American athlete (born 2001)

Karyn Real (born October 7, 2001) is an American taekwondo athlete.

== Career ==

Karyn Real started practising the Korean martial art of taekwondo in 2007 and began competing in 2010. Real won her first major international medal at the 2018 World Poomsae Championships in Lima, where she claimed a bronze medal in the junior's individual traditional poomsae competition.

In 2013 and 2016, Real competed in several kyorugi competitions.
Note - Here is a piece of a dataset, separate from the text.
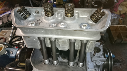 The heads have: New intake guides and several new valve seats, freshly ground valve seats, new valve springs, all freshly re-faced Original Porsche supplied valves. Plus, the heads have just been thoroughly cleaned, threads checked, etc, of course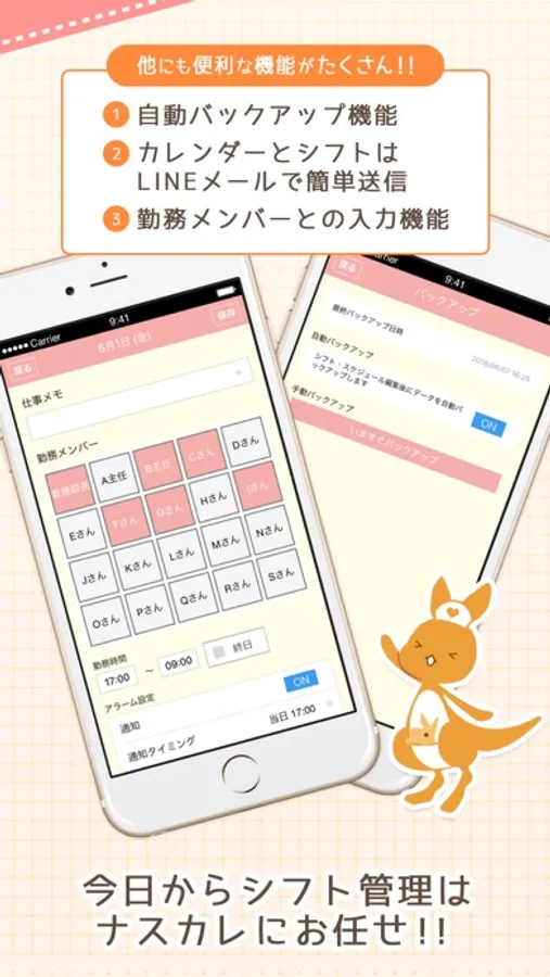 ※シフト共有機能とバックアップ機能のご利用には、アカウントの登録が必要です。

She placed second in the cadets' 29 kg weight class at the 2013 US Open and third in the juniors' 42 kg weight class at the 2016 Canada Open.

At the 2019 Pan American Games held in Lima, Real won a bronze medal in the women's individual competition and, as part of the mixed team (consisting of five team members, at least two men and two women), reached first place in the seniors' freestyle competition.

Real participated in the 2022 World Championships in Goyang and reached fifth place in the women's Recognized Poomsae competition (ages 18 to 30). She also competed in the pairs' competition alongside her brother Ryan Real, where the pair placed fifth as well.

At the 2023 World Beach Championships in Chuncheon, she and Ryan Real won the gold medal in the pair's traditional poomsae competition. She also placed third in the women's individual competition.

== Personal life ==

Real graduated from Massachusetts Institute of Technology in 2023.